We all know the story related to Gauss that Gauss' class was asked to find the sum of the numbers from $1$ to $100$ as a "busy work" problem and and he came up with $5050$ in less than a minute. He used a simple trick $50\times 101=5050$ there.
Now what if in some parallel universe, his teacher knew Gauss would figure that out quickly and asked the class to calculate $$1+\frac12+\frac13+\frac14+ \dots +\frac1{100}$$ instead, and assures himself a nice nap.

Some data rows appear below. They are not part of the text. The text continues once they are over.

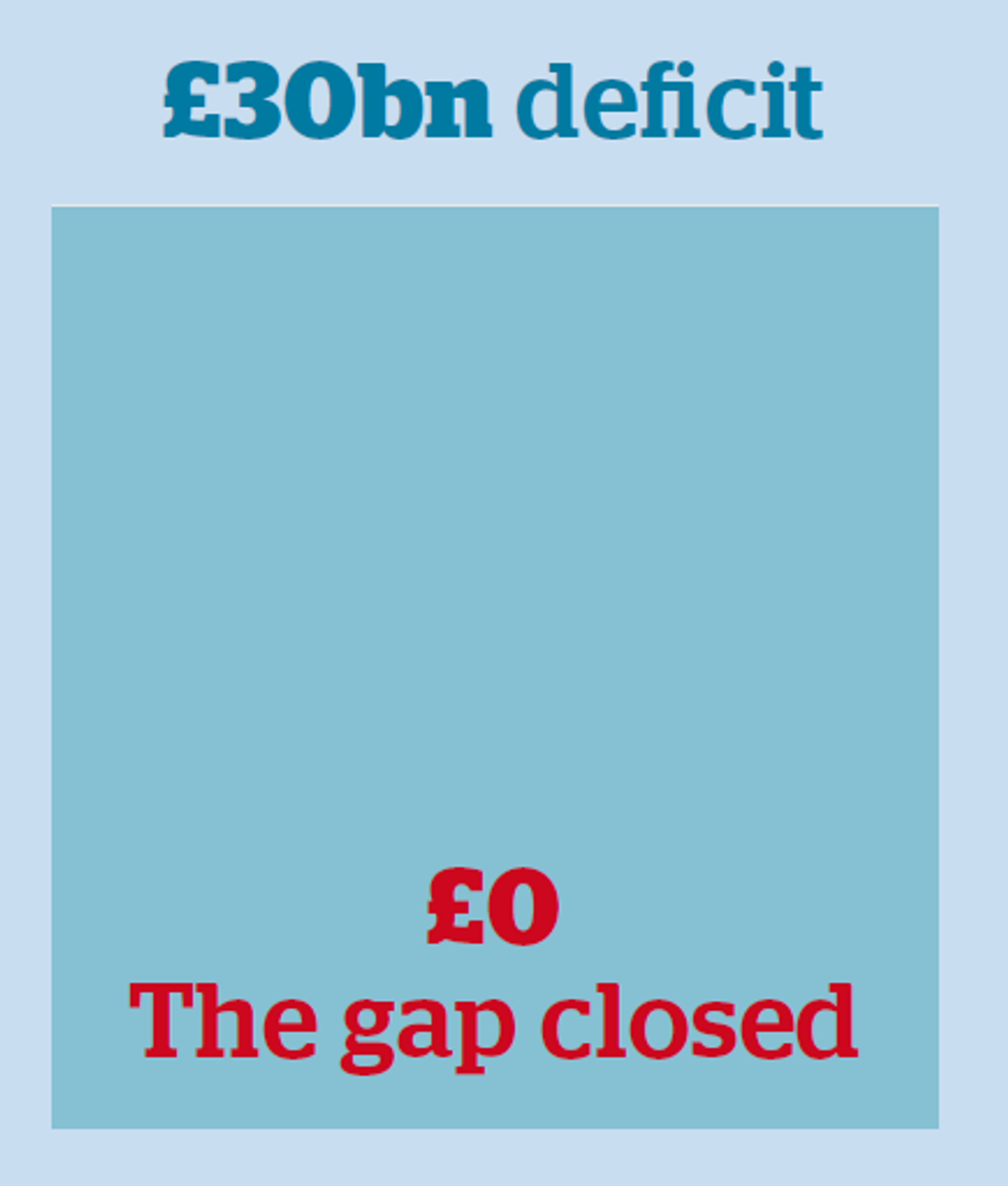 The NHS budget remains flat in real terms from 2015-16 to 2020-21. The NHS delivers its long-run productivity gain of 0.8 per cent a year. The combined effect is that the £30bn deficit is cut by about a third, to £21bn.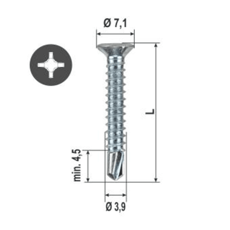 BOHRSCHRAUBE BLAU VERZ. 3112120-3,9-32 ROLLENS KRT=2000 ST.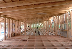 集成材の特質を生かす 大きな空間を支えるには木材を加工した寄木細工のように見える「集成材」を使用します。集成材の特長を生かすために接合部分を単純な構成とし、特殊な金物等を一切使わないで柱と梁とを固定する構造としています。そうすることで、ローコストながらも、ゆったりとした広がりのある空間が実現しています。

Is there any way Gauss could still impress the world in that universe by calculating it precisely up to, say, two decimal points using some trick (assuming he knows advanced mathematics too, although still in junior class). I do not see any quicker way to find this sum and had to use wolfram alpha which gives $$\frac{14466636279520351160221518043104131447711}{2788815009188499086581352357412492142272} \approx 5.1873.$$
What is the best method/trick to reach around $5.1$ or even $5$ quickly than any other student in your class, and impress the world?
We can make G.P's like $(1+\frac12+\frac14+\frac18+\frac1{16}+\frac1{32}+\frac1{64})+(\frac13+\frac19+\frac1{27}+\frac1{81})$ but we still leave way too many terms out of the G.P.'s and will have to find them separately by dividing.
Euler invented some convergence acceleration methods. Probably as an adult, though.